La monarquía solo pudo sobrevivir como reliquia, bien eliminada del poder del estado y desterrada al cuché (como en Portugal) o por el contrario, bien imbricada en él. Es el modelo de los «reyes burgueses» holandeses y escandinavos al que incluso la rancia monarquía británica trató de imitar; es el «rey sin cortesanos ni nobles» que pretendió ser Juan Carlos I de España. En lo fundamental se trataba de eliminar de raíz la lógica dinástica de la estrategia del «negocio familiar» monárquico o limitarla a matrimonios con casas reales distantes sin palancas de poder en el territorio del estado ni jefatura del estado ligada a intereses imperialistas en conflicto. Porque a fin de cuentas, la Monarquía, en tanto que «Jefatura del Estado», no deja de ser una herramienta importante de la maquinaria estatal y la burguesía tiene todo el interés del mundo en mantenerla separada de las tentaciones de sus distintos jefes de facción.

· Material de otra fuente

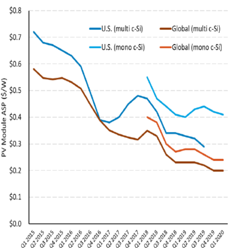 假設(shè)2020年第一季度Tier1單晶硅太陽能發(fā)電組件的出廠價(現(xiàn)貨或首次購買者)為0.41美元/W。雖然全球太陽能發(fā)電組件現(xiàn)貨價格正在持續(xù)下跌,但美國現(xiàn)貨價格卻在2017年上漲。包括美國對進口太陽能發(fā)電模塊的限制政策在內(nèi)的一些因素可能導(dǎo)致了美國和全球現(xiàn)貨價格之間的差異。美國現(xiàn)貨價格在2018年初再次開始下跌,并且在2020年第一季度繼續(xù)下跌,接近歷史最低水平,但單晶硅太陽能發(fā)電組件的交易價格仍高于全球組件平均銷售價格。

¿Se imaginan que Hiro Hito se hubiera casado con la hija del presidente de Toyota? ¿Qué la reina de España fuera Ana Patricia Botín? ¿Qué la reina de Holanda hubiera casado con el consejero delegado de Phillips o ING? ¿Y creen que sería distinto con un heredero de Alba cuando los Alba se convirtieron en una de las grandes familias burguesas españolas? ¿Se imaginan que a consecuencia de un matrimonio entre príncipes Holanda y Bélgica o España e Inglaterra compartieran jefe del estado? Las distorsiones en el dominio de las respectivas burguesías y la inestabilidad se volverían inevitables.

Los «príncipes» ya no se casan entre sí porque no pueden. Por encima de ellos está la lógica del capitalismo de estado al que estorbaría la captura de «la más alta» institución del estado por un grupo de poder permanente. Si con alguien no puede casar un futuro monarca es con otro gran heredero.

Los verdaderos «matrimonios» de intereses en el seno del capitalismo de estado se dan en los consejos de administración, los grupos de interés y los ministerios. Lo demás estorba y puede ser fácilmente peligroso. Sería añadir inestabilidad al estado y colocar a una pequeña fracción de la clase dominante, la agrupada en torno a una familia determinada, por encima del complejo entramado de equilibrios que conforma hoy el tejido del poder de la burguesía. Como si los equilibrios y hasta la apropiación individual de la parte de plusvalía que va a los burgueses no fuera ya lo suficientemente dificultosa bajo el capitalismo de estado.

Reflexión extra: ¿Y la República?

Lo dicho hasta ahora debería llevarnos a reflexionar sobre el significado de la república como consigna política a día de hoy en países como España. A fin de cuentas sería poco más que una racionalización de una estructura que ya existe. Potencialmente no mucho más «revolucionaria» que eliminar la RAE. Un ahorro en pompa y propaganda atávica que sería seguramente destinado a formas más efectivas de promoción del poder establecido con falsa moralina meritocrática y democrática incluida.

¿Qué significan en realidad esas banderas tricolores? ¿Qué «rebeldía» es esa que cambia una franja de la bandera poniendo el gesto como si levantara un llamamiento a la insurrección? La República en el siglo XIX era una consigna progresista en la medida en que, en teoría, significaba apoyar a la burguesía para barrer de una vez a las clases feudales. Lejos de ser barridas, se fundieron en un largo proceso alrededor del estado sobre la base del capital financiero acumulado durante la primera guerra mundial. Si en algo estuvieron de acuerdo todas las fracciones de la burguesía, republicanos, fascistas y monárquicos, fue en someter y masacrar a los trabajadores.

No hay burguesía republicana progresista igual que no hay burguesía democrática progresista. Ningún adjetivo que pongamos detrás de la palabra «burguesía» va a cambiar su naturaleza y su significado histórico hoy. Lo único que nos pueden ofrecer unos y otros es más de lo mismo. Republicano o monárquico el estado capitalista atacará a los trabajadores igual. El capitalismo de estado y el desarrollo del imperialismo nos llevan a la barbarie. Que la guinda del viejo pastel envenenado del «estado democrático» la ponga un Monarca o un Presidente ni más ni menos electo que Macron o Trump, solo hace a la organización interna de la burguesía y los símbolos y colorines de sus banderas.